Todo arte ofrece su anatomía. Esta se puede comprender al observar, cenitalmente, el trabajo de unos cuantos escogidos que dirigen las líneas de fuerza que configuran dicha anatomía. Estas líneas, siempre escasas pero fundamentales, son las voces, individuos que en su originalidad le llevan la contraria a Marx y vencen al mecanismo, vuelcan el tablero de juego y obligan a jugar con nuevas reglas.

La tarea del crítico (máxime en esta ahora de un movimiento acelerado que resulta tan vertiginoso como insustancial) es la detección de esas líneas de fuerza a partir de un todo. Una vez las conoce, y como bien entendió André Bazin en “¿Qué es el cine?”, puede plantearse con éxito esas grandes preguntas (la de Bazin es magno ejemplo) que siempre requieren en sus respuestas de los creadores más sobresalientes.

Al observar el fantástico español a partir de ciertos títulos de la cosecha del 2011 (y de la presente de 2012) puedo decir que, aunque mi conocimiento del todo todavía es escaso (me queda mucho por leer), la detección de ciertas voces están más que confirmadas, voces en las que uno puede arriesgar el bolsillo cada vez más menguante sabiendo que el sacrificio merece la pena.

Así tenemos a Javier Quevedo Puchal y una inmersión a flor de piel (mejor aún, a flor de alma) en los recovecos existenciales de personajes quebrados en su “Cuerpos descosidos” (NGC, 2011).
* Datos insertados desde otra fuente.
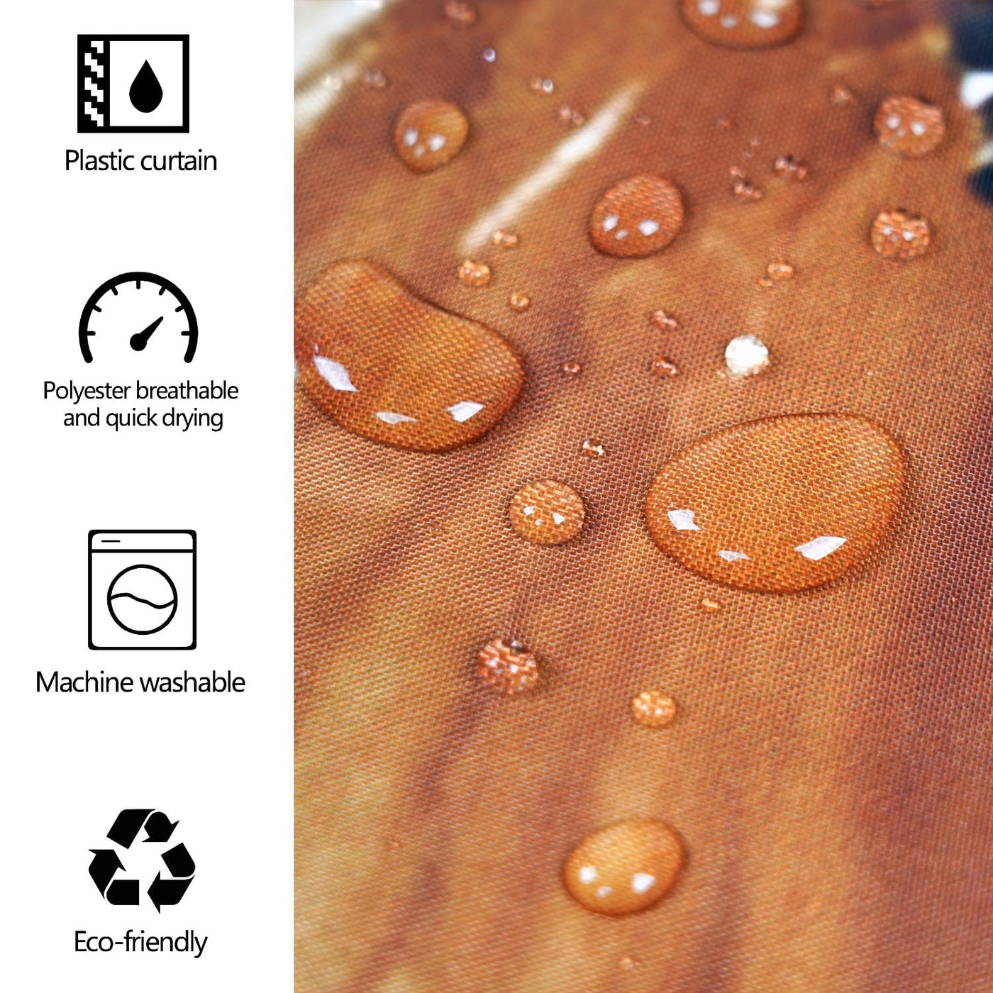 - Q: Is the fabric of this shower curtain waterproof? A: Yes, the shower curtain is made from 100% polyester fabric, which is water-resistant and designed to keep your bathroom dry.

Así tenemos dos novelas salvajes y contrapuestas (minimalismo y epopeya, esteticismo y parquedad) como son los sendos títulos de Emilio Bueso “Diástole” (Salto de página, 2011) y “Cenital” (Salto de página, 2012). Tenemos también, en órbitas similares a Quevedo, aunque con una mayor madurez en el oficio (si bien tal vez sin toda esa explosión de oscuras pasiones y esa intensidad existencial que contiene “Cuerpos descosidos”), a Ismael Martínez Biurrun, autor ya hecho, construido, poseedor de su propia anatomía literaria que plasma con maestría en “El escondite de Grisha” (2011, Salto de página). Y tenemos a artistas que visten de orfebres y orfebres que, en su artesanía, llegan a ser artistas como son, respectivamente, Victor Conde y su “Hija de lobos” (Minotauro, 2011) y Rodolfo Martínez y su “Fieramente humano” (NGC, 2011).

Al menos a ellos, y a buen seguro hay más, los tenemos.

¿Dónde se sitúa pues Ignacio Cid Hermoso y su debut en la novela “El osito cochambre” (23 Escalones, 2012)? Sin duda, en este grupo. En el de las voces. En el de los colonizadores de lo inexplorado.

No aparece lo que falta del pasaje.